Restate word for word the lines below from the one that has "ハンドタオル miffy ミッフィー" through the one that has "为坚定考研学子信念、提振冲刺", keeping both and dropping all pictures.

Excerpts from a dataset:
=======

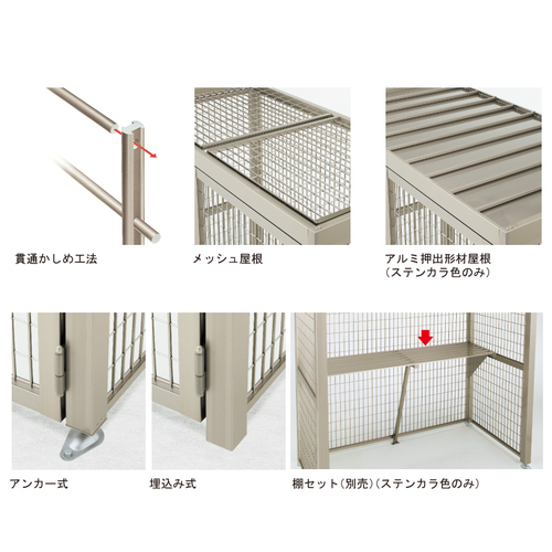 ・高品質・高強度オールアルミ製で幅広い施設に対応するゴミ集積庫です。・設置場所に合わせて選べる2つの扉タイプ(開き戸式と引き戸式)をご用意しています。 ・本体のメッシュ部分では、メッシュ線材が外れない貫通かしめ工法を採用しています。 ・引き戸式では、開閉がスムーズに行なえるように上吊式引き戸を採用しています。 ・オプションで棚セットもご用意しています。 ・管理に便利な市販の南京錠が取付け可能です。 [品番/呼称]LGSAMF-GA2020 [サイズ]開口2000mm、奥行2082mm、高さ2010mm [材質]アルミ押出形材 [ご注意] ・アンカー式(A)か埋込式(U)をご指示ください。呼称の( )にAかUが入ります。 ・アンカー式の場合、必ずアンカー固定して使用してください。 ・屋根形状はメッシュ屋根とアルミ押出形材屋根(積雪荷重1500N/平方メートル )の2種類からご指示ください ・4色(ブラックつや消し、ステンカラー、ブロンズ、アイボリーホワイト)の中からご指示ください。 ・連棟ユニットは基本セットに連結して使用します。単独での仕様はできません。 ・特注サイズも承ります。お問い合わせください。 ・納期:お問い合わせください。 ●容量:6900l 購入に関する注意事項
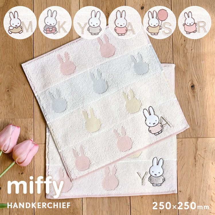 ハンドタオル miffy ミッフィー イニシャル 刺繍 ハンカチ キャラクター プレゼント ミニタオル レディース タオルハンカチ...
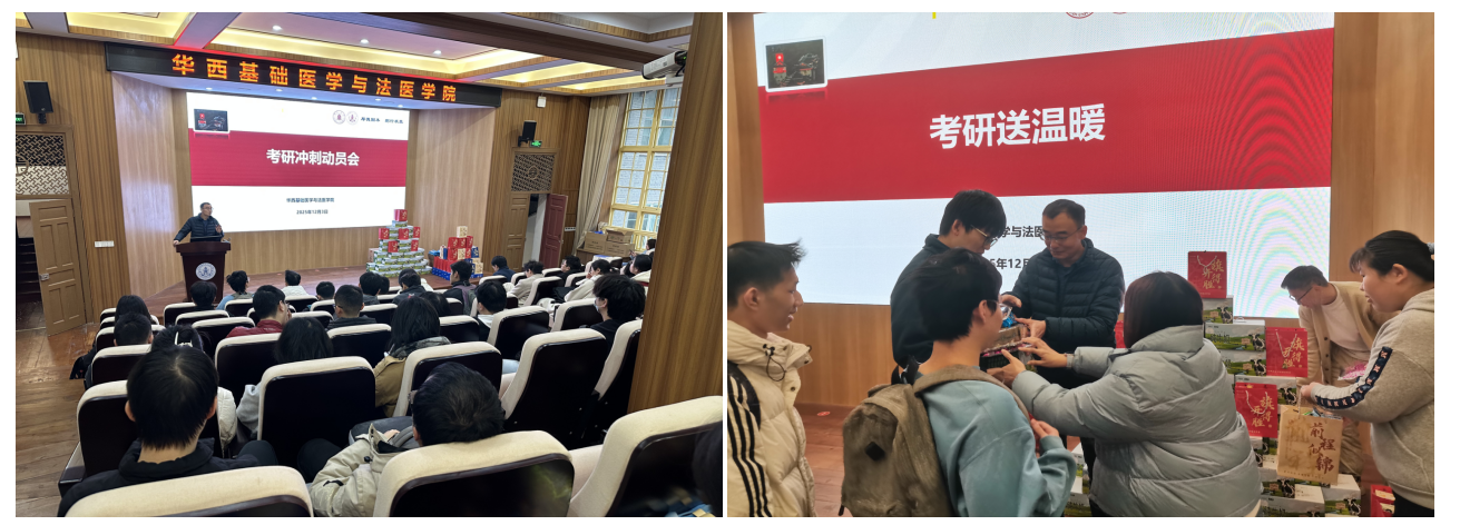为坚定考研学子信念、提振冲刺信心,12月3日下午,学院在华西校区第五教学楼教学报告厅室召开2026届考研冲刺阶段动员会。学院党委副书记罗海玻教授,学生科科长董晓爱老师,辅导员郑风劲、彭铎和30余名考研学生代表参加此次活动。
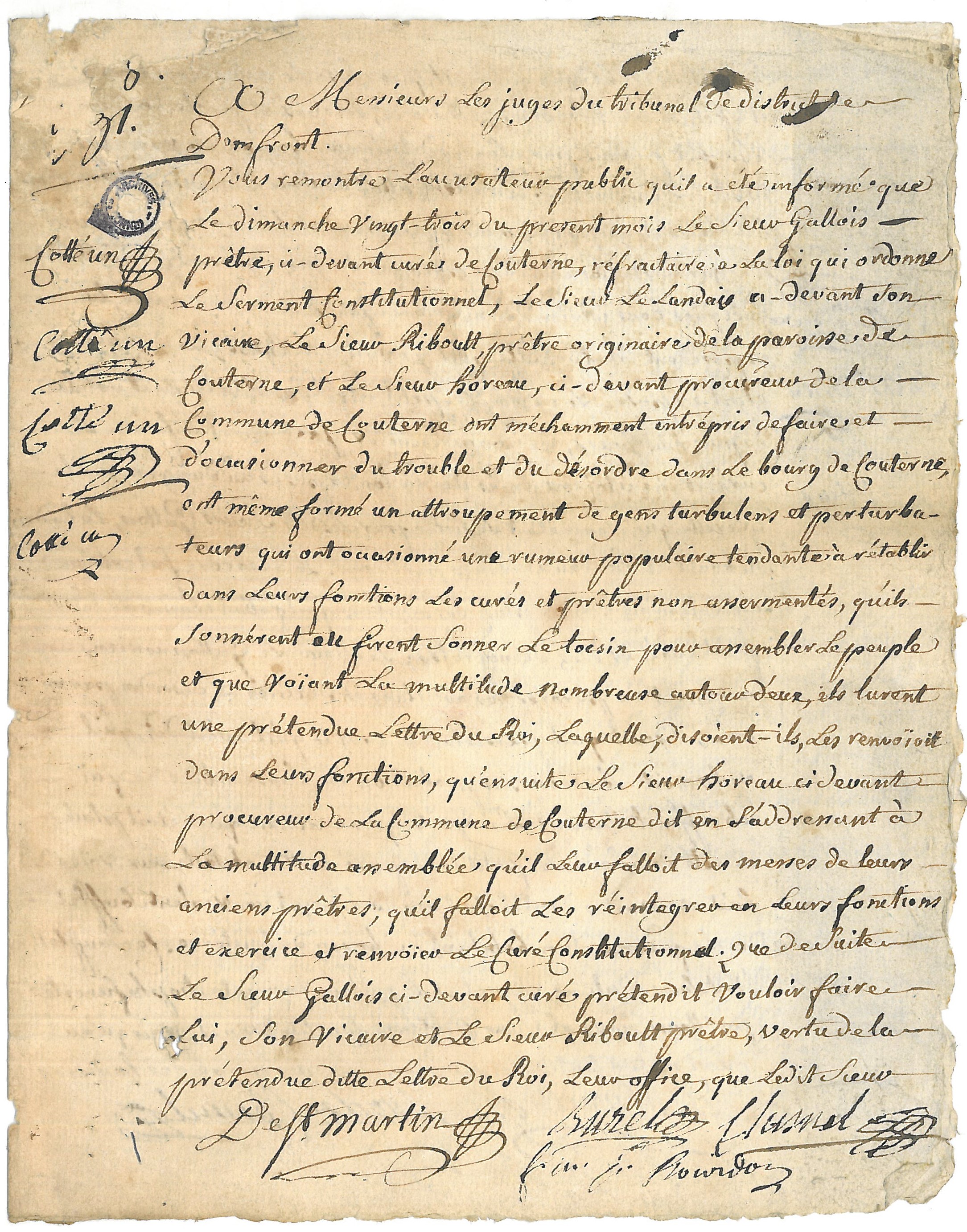 Vous remontre l'accusateur public qu'il a été informé que, le dimanche vingt-trois du présent mois, le sieur Gallois, prêtre, ci-devant curé de Couterne, réfractaire à la loi qui ordonne le serment constitutionnel, le sieur Lelandais, ci-devant son vicaire, le sieur Riboult, prêtre, originaire de la paroisse de Couterne, et le sieur Horeau, ci-devant procureur de la commune de Couterne, ont méchamment entrepris de faire et d'occasionner du trouble et du désordre dans le bourg de Couterne, ont même formé un attroupement de gens turbulens et perturbateurs qui ont occasionné une rumeur populaire tendante à rétablir dans leurs fonctions les curés et prêtres non assermentés, qu'ils sonnèrent et firent sonner le tocsin pour assembler le peuple et que voïant la multitude nombreuse autour d' eux, ils lurent une prétendue lettre du Roi, laquelle, disoient-ils, les renvoioit dans leurs fonctions, qu'ensuite le sieur Horeau, ci-devant procureur de la commune de Couterne, dit en s'adressant à la multitude assemblée qu'il leur falloit des messes de leurs anciens prêtres, qu'il falloit les réintégrer en leurs fonctions et exercice et renvoïer le curé constitutionnel, que de suite le sieur Gallois, ci-devant curé, prétendit vouloir faire lui, son vicaire et le sieur Riboult, prêtre, vertu de la prétendue ditte lettre du roi, leur office, que ledit sieur Le Gallois et les deux ecclésiastiques susdits réclamèrent mesme à cet effet de la nombreuse assistance secours et protection, ce qui leur fut promis par le susdit sieur Horeau, au nom et pour toute l'assemblée. La scène alloit devenir sérieuse et vraisemblablement tragique ; mais heureusement il arriva qu'un officier de garde nationale d'une paroisse éloignée passoit par Couterne. Quelques bons citoiens, amis de la paix et du bon ordre, lui exposèrent le tumulte qu'il y avoit à l'église, le danger ou étoit exposé le sieur Le Petit, curé constitutionnel, installé depuis huit jours, le conjurèrent de secourir et défendre le curé et les citoiens amis de la loi, exposés au danger par la querelle qui leur étoit suscitée par lesdits sieurs Gallois, Lelandais, Riboult et Horeau et leurs partisans. Le désordre fut extrême : on entendoit dire à plusieurs assistans qu'il falloit chasser le sieur Petit, curé, et ses democrates. Le sieur Le Gallois, ancien curé ne cessoit de pérorer les assistans et d‘exciter le désordre parmi eux, disant qu'il persistoit à tout ce qu'il avoit dit, qu'il réclamoit le secours et protection de l'assemblée, ce qui échauffa tellement les esprits, qu'un citoïen qui s'étoit placé au côté du sieur Le Petit, curé, pour mettre obstacle aux voies de fait et insultes dont il étoit menacé, reçut un violent soufflet de la femme d'un habitant du bourg de Couterne. Ce soufflet étoit sans doute le signal et le prélude d'une catastrophe funeste, périlleuse pour le sieur Petit, curé constitutionnel puisqu'au même instant, toutes les femmes ainsi que partie des hommes se disposoient à faire sur lui la plus impétueuse irruption si un citoïen pacificateur, ami du bon ordre, n'eut fait au sieur Le Gallois et à ses adherens des représentations sensées et judicieuses, ne les eut sommés au nom de la loi de rentrer dans le devoir et n'eut à ce moien, en accompagnant le sieur Petit, facilité sa fuite qui le mit enfin à l'abri de tout outrage.
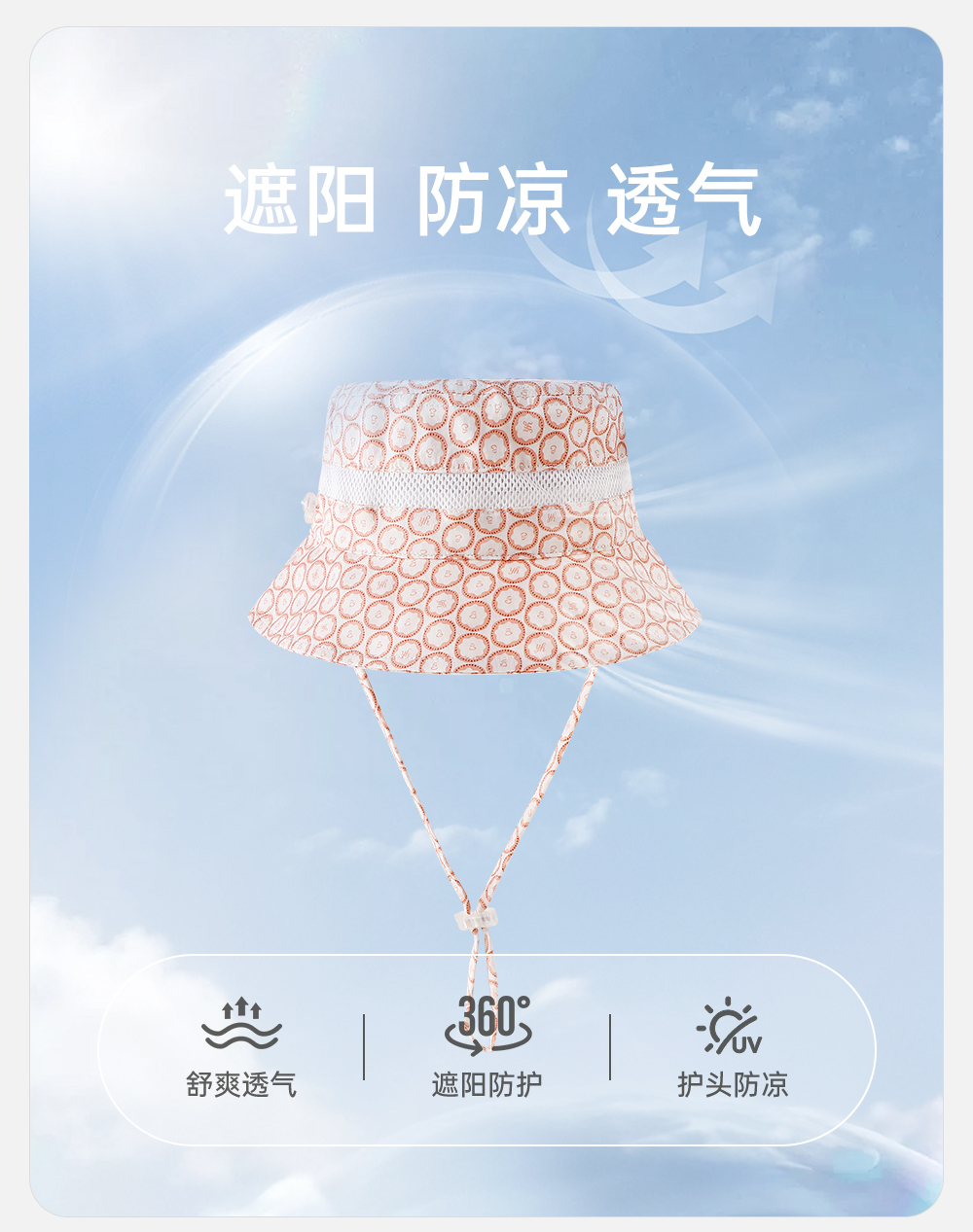 【商场同款】英氏婴儿帽子外出夏季防晒遮阳帽新款女童渔夫帽

=======

=== ANSWER SECTION ===
 ハンドタオル miffy ミッフィー イニシャル 刺繍 ハンカチ キャラクター プレゼント ミニタオル レディース タオルハンカチ...
为坚定考研学子信念、提振冲刺信心,12月3日下午,学院在华西校区第五教学楼教学报告厅室召开2026届考研冲刺阶段动员会。学院党委副书记罗海玻教授,学生科科长董晓爱老师,辅导员郑风劲、彭铎和30余名考研学生代表参加此次活动。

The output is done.